Arnhem: the battle for the bridges, 1944, by Antony Beevor

Summary: a thorough, and thoroughly bleak, account of what happens when Europe is divided

Much like XXX Corps in this book I stalled on the Neder Rijn: I must confess to finding this account of the infamous Allied defeat in the Netherlands so bleak that I had to set it aside for a couple of months before finishing it.

Nevertheless there is much to recommend in this book. First, in its ability to make a more critical assessment of the main protagonists in the battle, it has a more rounded view of them than could be obtained from either Cornelius Ryan’s gripping account, A Bridge Too Far, or Richard Attenborough’s celebrated film of the same name.

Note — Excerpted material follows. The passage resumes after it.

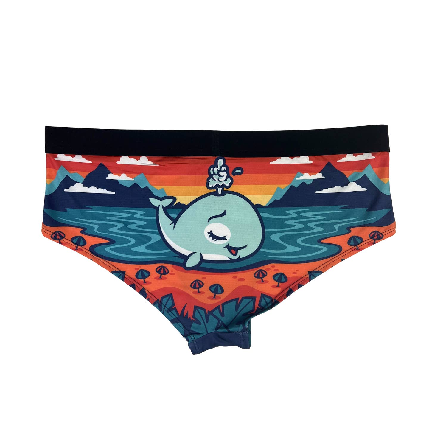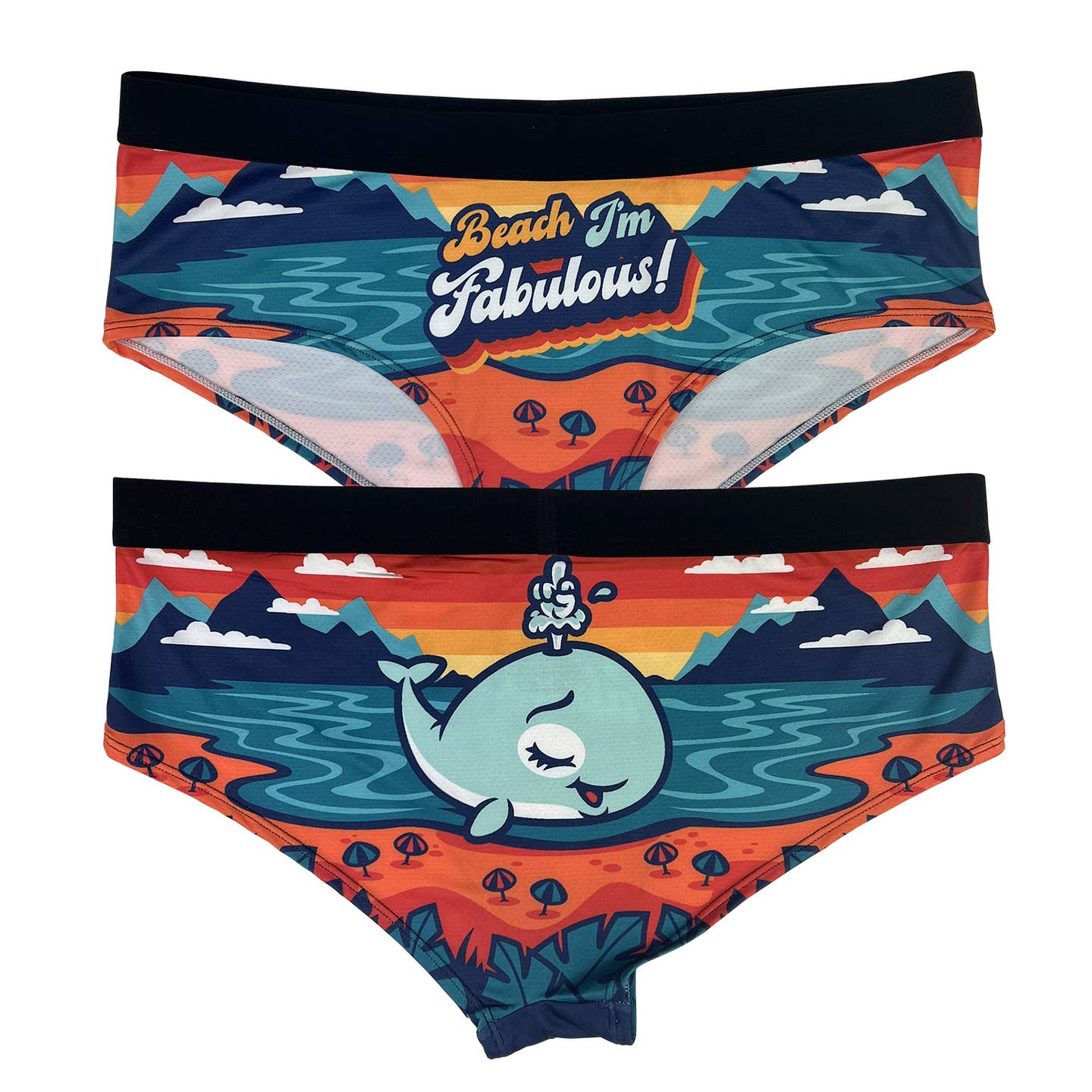 Disse sjove trusser med 'Beach I'm Fabulous!' design er den perfekte gave til kvinder, der elsker stranden, havet og sommerstemning! Med et fantastisk design af en charmerende lyseblå hval med fontæne, 'Beach I'm Fabulous!' tekst i orange og hvid retro-skrift, omgivet af mørkeblå bjerge, turkisblåt hav, orange strand med blå parasoller og grønne palmer på orange-gul solnedgangsbaggrund, kombinerer disse trusser strand-æstetik med komfort. Designet i Chicago og fremstillet med høj polyester-andel for maksimal komfort og holdbarhed.

Second, both these depictions of the battle obtain their narrative drive by focussing on the efforts to relieve the paratroopers in Arnhem. But, in truth, as Stephen Ambrose discerned when writing Band of Brothers, and as Beevor also shows here, the entire plan was woefully conceived as it was almost impossible to secure the road against German counter-attacks to ensure sufficient support and supply to the advancing armour to ever make the seizure of a bridgehead across the Rhine, the objective of the operation, a realistic objective. That the advance got as far as it did was in spite of the plan, not because of it.

American general Jim Gavin saw this from the outset but kept his mouth shut and distinguished himself during the battle as arguably the most gifted commander. Polish general Stanislaw Sosabowski, in a vain effort to save lives, made the mistake of pointing out to the British what a dumb, stupid plan this was. Hence, in spite of the courage he and his men showed in the fighting, including in rearguard, he was scapegoated by British generals Browning and Horrocks when their incompetence became apparent. (It is clearly a tradition in British public life for incompetents to blame the perspicacious, particularly when foreign, for their own inadequacies).

The book also pays tribute to the courage of Dutch Resistance and civilians in the course of the battle and notes how they bore the brunt of German fury after the Allies had been forced to withdraw.

For my money Antony Beevor’s best book is the Battle for Spain. But this book is a timely reminder of the shocking brutalities of European civil war that the establishment of the European Union finally rendered obsolete.